Carolina’s pen hit the ground with a thwack, the ink from inside spreading into a spatter of blue on the icy linoleum floor. 

“Tell me.” Joy set her pen on the table so as to better hear Carolina’s response. 

 

“I can’t fucking figure it out.” 

Joy stretched, throwing her arms up and over her head, the joints in her back snapping and popping. Joy waited for a quip from Carolina—“That’s bad for your joints, you know”—and upon hearing Carolina’s contradictory silence, peeked up from her microscope. Carolina’s crumpled form hunched over a swarm of papers scattered across the table. Her hair cascaded over the papers, the brown and blonde merging into frizzy ringlets. Joy cleared her throat. 

“You okay?” 

“Absolutely not.” Carolina’s forehead touched the paperwork sprawled across the desk with a soft thunk. “I’ve wasted years of my life. My research has been fucking pointless.” 

Her eyes met Joy’s, whose brown eyes examined Carolina with real human empathy—an unusual expression on Joy, and they both knew that. 

“I just don’t understand what I’m doing wrong.” Her voice cracked. Joy moved swiftly to Carolina’s side. She’d seen a lot of iterations of Carolina; crying Carolina was one of her least favorites. 

“Hey, hey…” She placed a gentle hand on Carolina’s shoulder. Her mind began to fill with thick clouds of frustration as she struggled to help Carolina. Joy took a deep breath and tried again.

“It’s not so bad. Look, you can—” 

“It’s okay.” Carolina’s voice was quieter. Softer. Defeated. She was shoving papers in her bag, letting them fold into clumps at the bottom of the biggest pocket, underneath all the neat folders that kept her paperwork in place, “It’s all pointless. Maybe I was too ambitious, or just too stupid.” She caught Joy’s gaze. Joy felt like she was watching an ASPCA commercial. “I have to go.” 

Carolina whisked herself out of the room, leaving a smell of vanilla and jasmine in her wake.

 

˜˜˜

Joy loved coffee. 

She loved the way that it immediately put her body into motion. She loved the way that the coffee, always warm, paved a path down her sternum and into her chest. The lab was always cold, and coffee was her refuge. Her sanctuary. 

Her favorite drinks rotated through the years. Now, she’ll drink most any coffee put in front of her—often a regular brewed coffee, a special that Carolina liked to call “whatever’s in the machine today.” But in college, it was always flat whites. 

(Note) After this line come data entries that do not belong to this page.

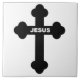JESÚS EN TEXTO BLANCO EN UNA CRUZ NEGRA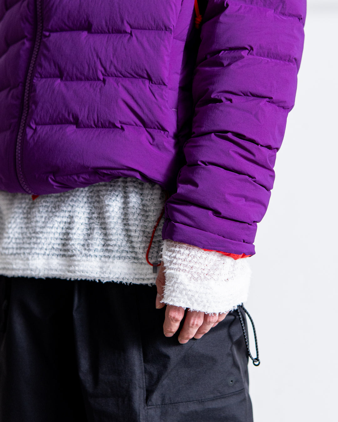 過酷な山岳状況でも暖かさを提供するため、丈夫で撥水性の高い2Wayストレッチの生地に、最長10,000分間(約1週間)乾いた状態を保つ800Fillの疎水性グースダウンH DOWN Platinumを163g (size L)封入。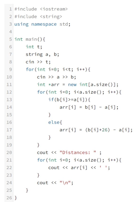 각 테스트 케이스 마다 각 글자의 알파벳 거리를 공백으로 구분해 출력한다.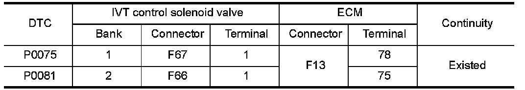 2.Check resistance between intake valve timing control solenoid valve terminals as per the following.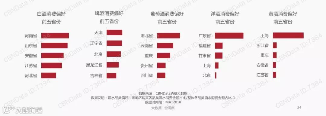线上酒类偏好具有明显的地域性,其中葡萄酒消费偏好前五的省份主要为中西部,分别是:湖北、云南、重庆、贵州省、四川省。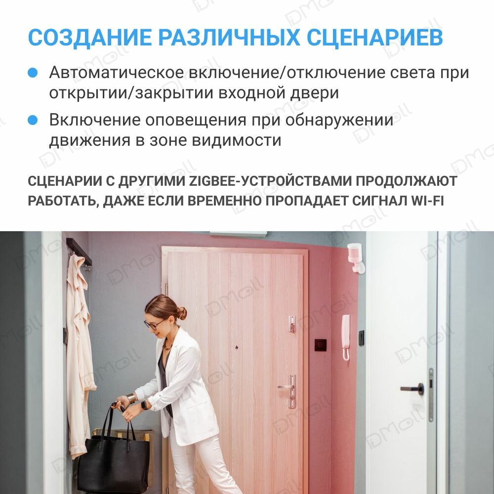 Датчик движения MOES Zigbee Infrared Human Sensor — устройство для мониторинга движения в доме или на улице, обеспечивающее безопасность. Прибор позволяет следить за обстановкой в режиме реального времени: при обнаружении движения на смартфон поступит уведомление. С помощью беспроводного подключения датчик может взаимодействовать с другими интеллектуальными устройствами и становиться частью умных сценариев. Например, при открытии/закрытии двери датчик будет включать/выключать свет. Работает по протоколу Zigbee 3.0 только при наличии хаба. Устройство продолжит работу и выполнение сценариев с другими устройствами, работающими на протоколе Zigbee, даже в случае, если Wi-Fi сигнал пропадет. Широкий угол обзора 120-150° позволяет обнаруживать движение на расстоянии 3-7 м. Управлять настройками можно через приложение Smart Life, работает с голосовыми помощниками, в том числе с Алисой. Доступно прямое подключение к Умному дому Яндекса при наличии Яндекс Станции 2 с Zigbee/Миди/Макс/Дуо Макс/Хаба Яндекса (без дополнительного хаба от MOES). Питание от одной батарейки CR2450. Диапазон рабочей температуры от -10 до 50°С. Поворотная ножка для установки в комплекте. Высококачественный пластик подходит для использования в суровых климатических условиях. Компактный корпус не занимает много места и устанавливается на любую поверхность.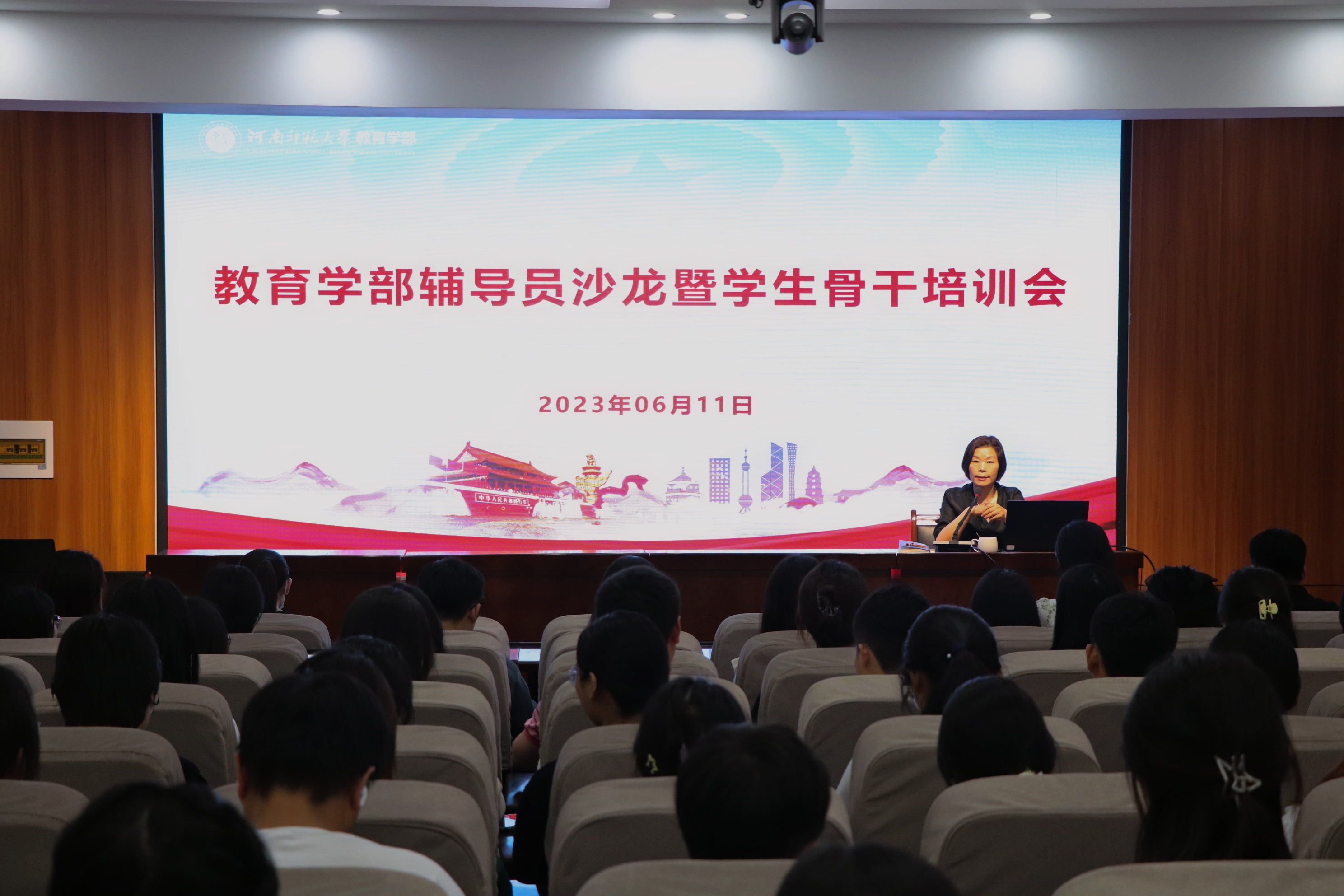 为进一步提高学部政工干部和学生骨干队伍整体素质, 6月11日晚,教育学部在田家炳819开展辅导员沙龙暨学生骨干培训会,专兼职辅导员及学生骨干参加本次培训。学部党委副书记康淑霞担任主讲。

Grad-student Joy drank flat whites because flat whites never gave her the humiliating milk-foam mustache that lattes did. Joy drank flat whites because they made her feel like she was doing something, like she was drinking an actual coffee to give her energy to survive for the rest of the day. And so, even after she graduated, she found herself getting flat whites on days that were particularly difficult. 

And Joy met Carolina because Carolina made the epitome of a Perfect Flat White. 

“Ma’am?” Joy called out. A curly-haired barista, the only one behind the counter, perked up at hearing the call for attention, moving towards Joy as she wiped her hands on her apron. Her hair was pulled back into a ponytail with a bandana wrapped over the top, and rectangle glasses rested on the bridge of her nose. 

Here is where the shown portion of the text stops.